I have lived in the countryside just outside Alhaurin De La Torre for 16 years. It is a very nice town, prosperous very well kept and clean. Good selection of bars and restaurants. Park and garden areas are immaculately maintained. I have not seen many signs of the crisis about apart from a few closed premesis. In recent months I have seen several new ones starting up and even some building work.
It is close (but not too close) to motorways west, east and north and to the airport. It is very Spanish but with relatively small numbers of foreigners (a good balance I think). 10 minutes to the beach, 15 minutes to Malaga and 1.5 hours to skiing, 3.5 golf courses within 10 minutes, 2 tennis clubs, indoor and outdoor sports arenas etc.

The only cons could equally apply to the rest of Spain, namely red tape, banks, poor service, bad driving etc etc. Oh and the post office struggles to cope with the demand most of the time.

Blimey, just re read it, sounds like I am on the Alhaurin tourist board:rofl:


----------



## Rabbitcat (Aug 31, 2014)

What's the internet speed like there, thanks


----------



## stevelin (Apr 25, 2009)

I've lived in an urbanization just outside ADT for the last 10 year. As El Romeral have found it to be a great place to live. Always very clean never seen so many street cleaner/gardeners. Found the people very friendly and helpful. There is a a small expat community of all nationalities. Good restaurants and bars supermarkets etc. There often something going on in the village which is always well supported.
Cant think of many cons !!!


----------



## country boy (Mar 10, 2010)

Rabbitcat said:


> What's the internet speed like there, thanks


Like anywhere else...it depends on what you pay for and who you deal with. Plenty of choices.


----------



## stevelin (Apr 25, 2009)

I average about 7mb with jazztel


----------



## el romeral (May 8, 2012)

We do not have ASDL lines so have internet via satellite.

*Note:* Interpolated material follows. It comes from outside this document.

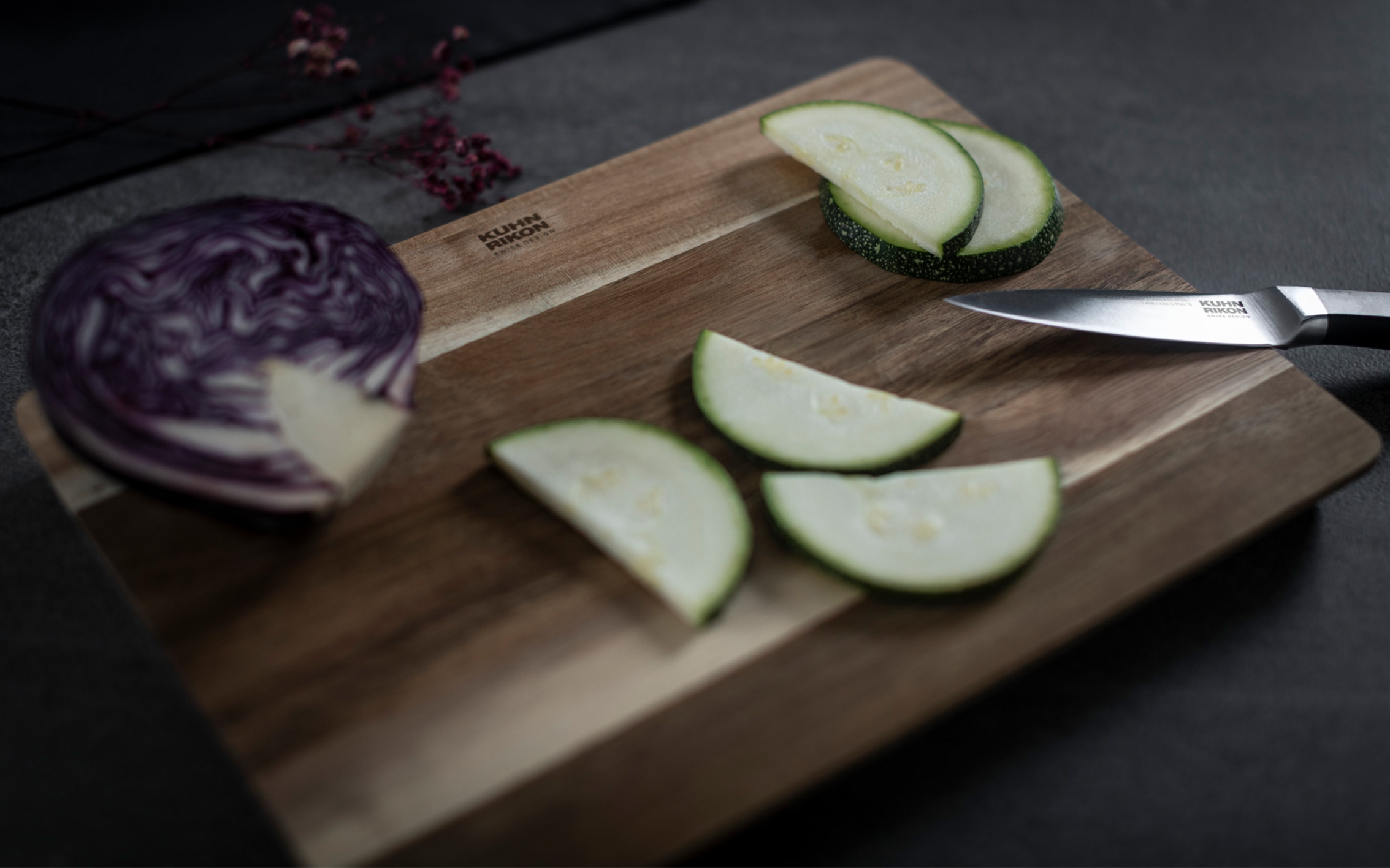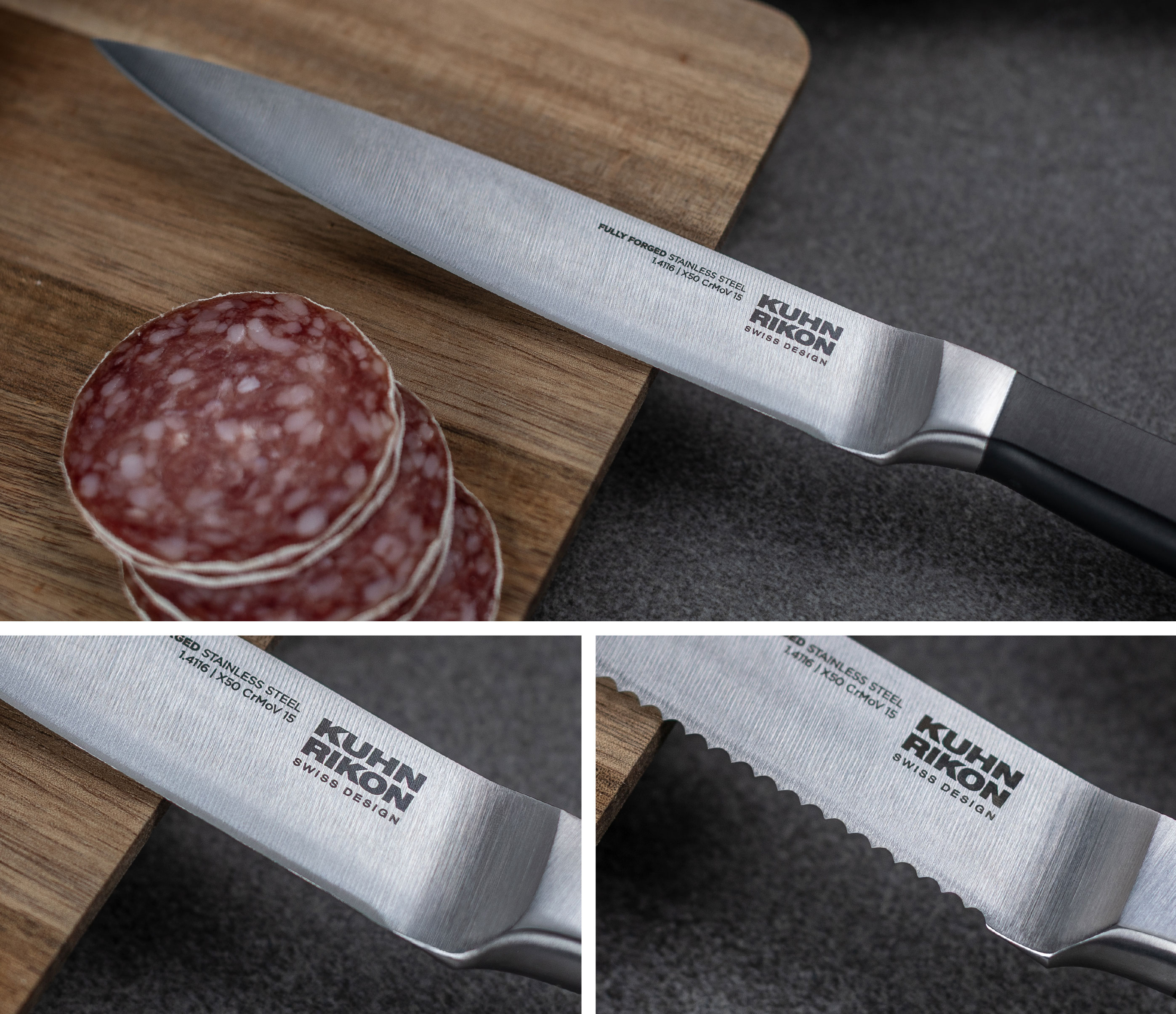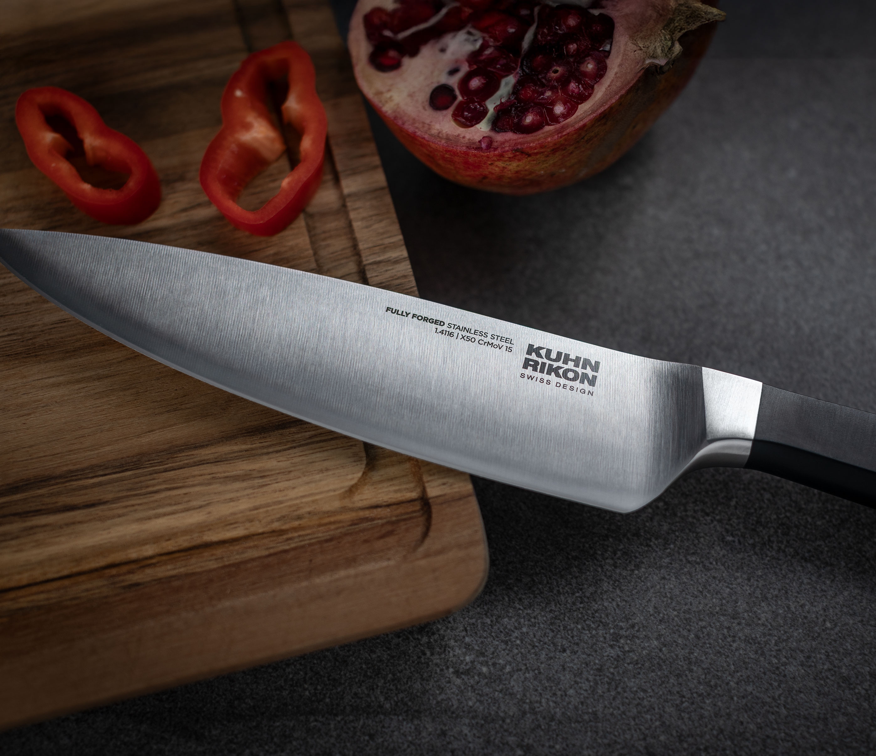Good design is not just about looks. It supports the hand, guides the movement, creates safety – and yet still feels natural. At CULINARY FORGED, aesthetics and function merge into one. Reduced to the essentials, designed for everyday use. You can see it – and feel it with every cut. Developed in Rikon. Created for your kitchen.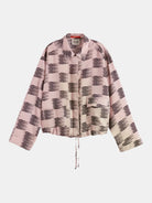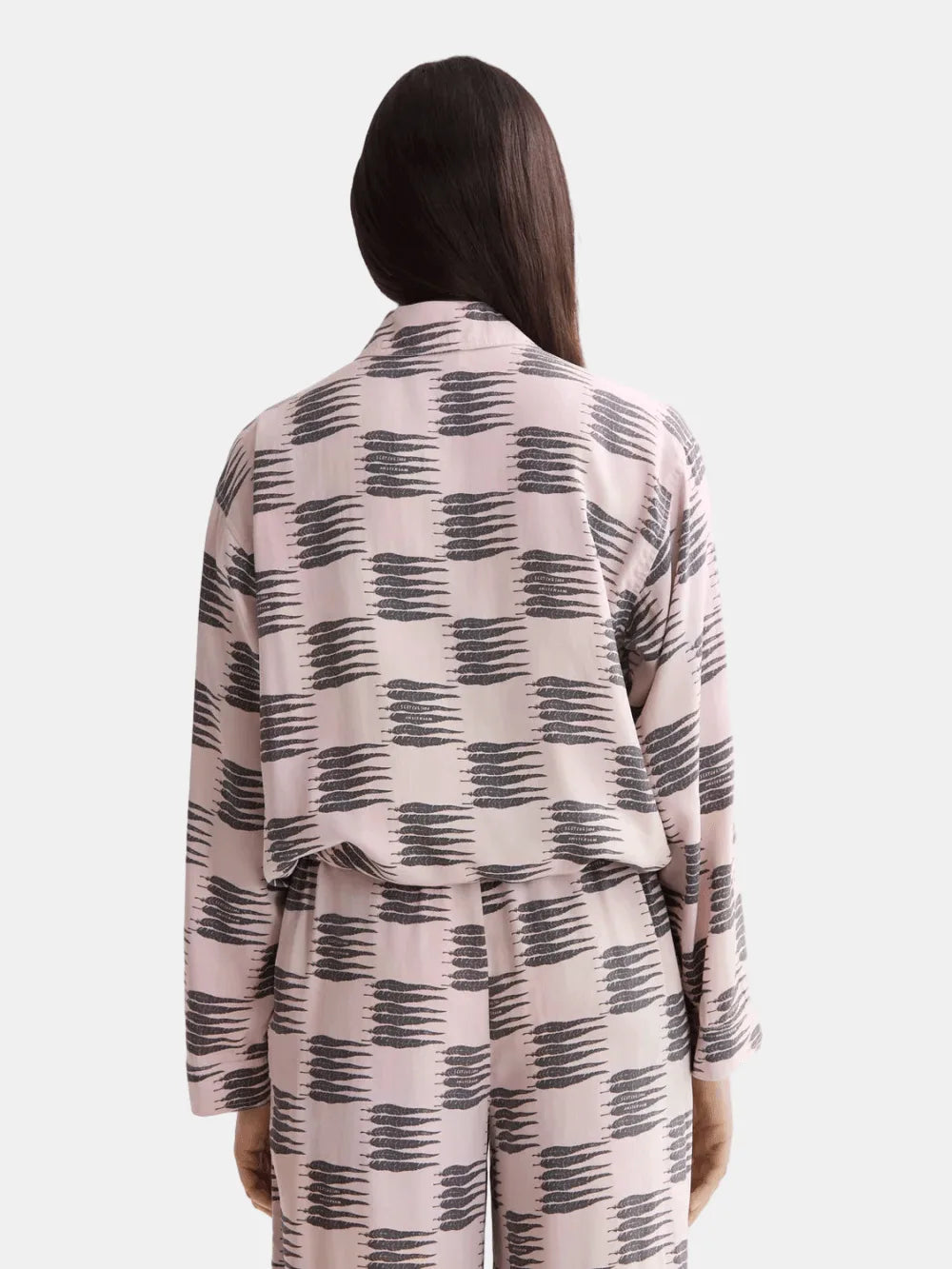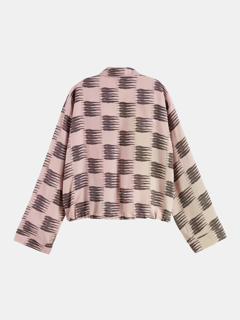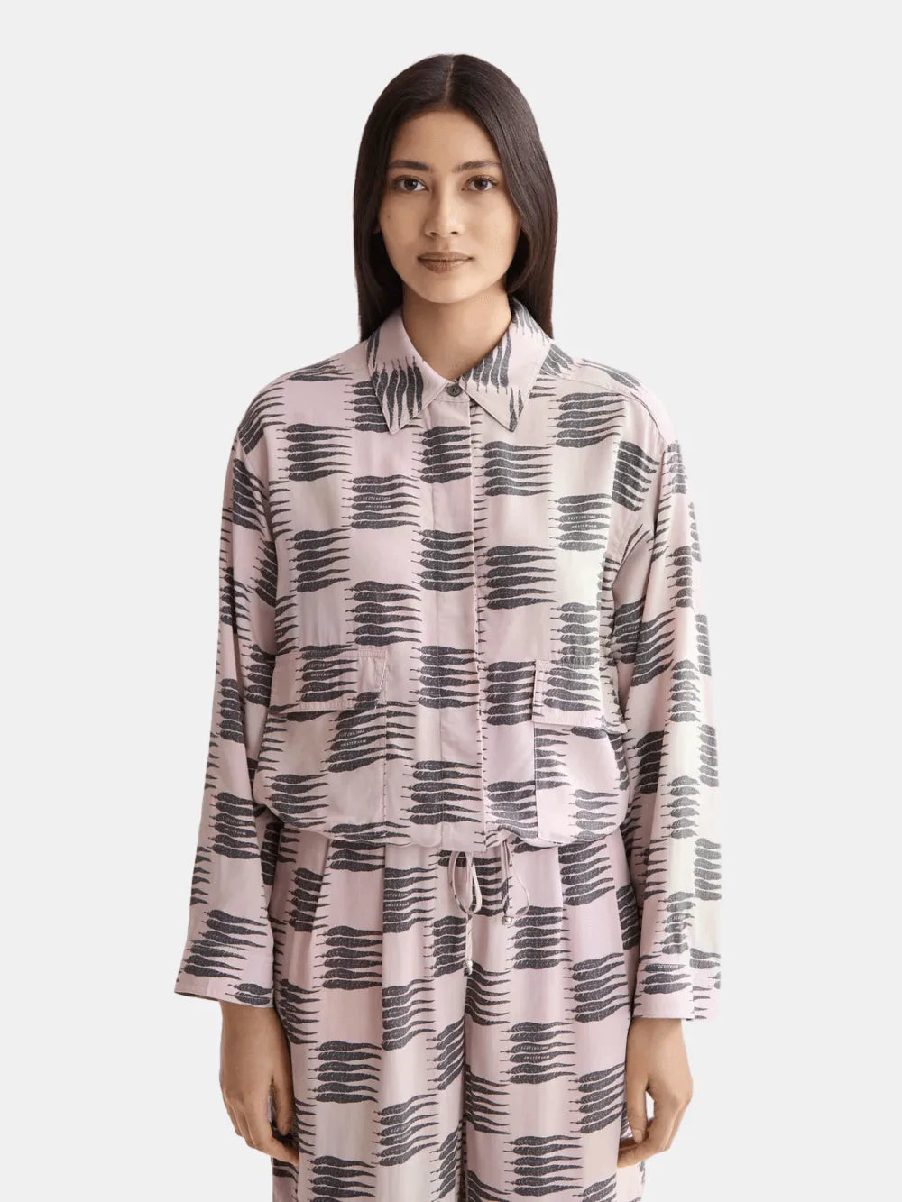 Stylish utility shirt with unique feather block print. Perfect blend of comfort and style for versatile everyday wear.

We pay for 3mb and usually get over 2mb. Better than it used to be. As mentioned people in more urban areas will have a great choice and higher speeds like anywhere else.


----------



## ddrysdale99 (Apr 3, 2014)

It's not that close to Coin though - that's the other Alhaurin (el Grande).


----------



## Feraya (Sep 22, 2014)

Hi el romeral, thanks very much for your helpful information. I might just settle for Alhaurin de la Torre because it sounds like my kind of town.


----------



## Feraya (Sep 22, 2014)

Hi Stevelin, thanks for the info.


----------



## Rabbitcat (Aug 31, 2014)

It sounds absolutely perfect


----------



## stevelin (Apr 25, 2009)

It is very nice. The only thing I would say is lack of information for when things are happening. You often find out after the event so have to be on your toes but otherwise great, somebody is always willing to have a chat (even if you cant quite follow the whole conversation )


----------



## Rabbitcat (Aug 31, 2014)

What's the temperature like there in the winter months?


----------



## country boy (Mar 10, 2010)

El Tiempo en Alhaurin de la Torre - 14 días


----------



## jojo (Sep 20, 2007)

Feraya said:


> Has anyone here any experience of Alhaurin de la Torre? I have some experience of living near Coin, Malaga, and speak a little Spanish, but am still learning. I look forward to hearing about the pros and cons of living there. Thanks.



We lived there for a couple of years and its great. Modern, clean and very "Spanish". Handy for the airport and altogether a nice friendly town with everything close by

Jo xxx


----------



## Feraya (Sep 22, 2014)

Thank you, Jo. xxx


----------